Screening. Medical conditions that contraindicate DMPA initiation are rare in potential users and were easily identified by community-based distribution (CBD) workers in a study conducted in Nepal. To help CBD workers screen potential DMPA users for such conditions, FHI has developed and extensively field-tested a checklist containing 13 simple "yes" or "no" questions. Another FHI checklist helps providers rule out pregnancy.

Counseling. Side effects, such as menstrual changes, headaches, and weight gain, are the primary reason that women stop using DMPA. Studies have shown that providing full and intensive counseling can significantly increase continuation rates for DMPA. CBD workers can be trained to counsel women on changes to expect when they begin using DMPA and to refer them to other levels of care when necessary.

Giving injections.
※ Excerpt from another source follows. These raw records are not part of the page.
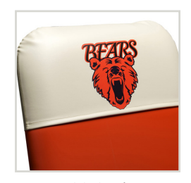
720 Option Logo Backrest Sleeve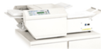
Table Top Pressure Sealers

* Requires 2-sided printing ** Incorporates a return envelope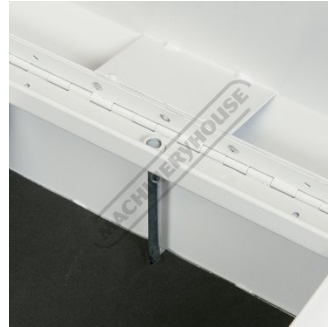
Full Length Piano Hinge Lid

CBD workers have demonstrated that they can safely give intramuscular injections. In a project in the Matlab subdistrict of Bangladesh, infections after injections by CBD workers were extremely rare – about three per 10,000 injections. No infections were reported after more than 1,000 injections in a similar program in Afghanistan. Meanwhile, scientists have developed a subcutaneous DMPA formulation, depo-subQ provera 104 or DMPA-SC, that is less painful to receive and easier to administer than the current intramuscular formulation because it can be injected under the skin with a shorter needle.

Disposing of needles and syringes. Concerns that needles and syringes be disposed of properly and not reused have been reduced by the availability of disposable injection devices that become automatically disabled after a single use. Such devices can be burned, but proper waste disposal requires careful planning and follow-up to ensure public safety. Training should emphasize safe use and disposal of needles and syringes to prevent the risk of infections such as HIV or hepatitis B through accidental needle sticks. The advent of nonresusable injection devices has greatly reduced the risk of such accidents.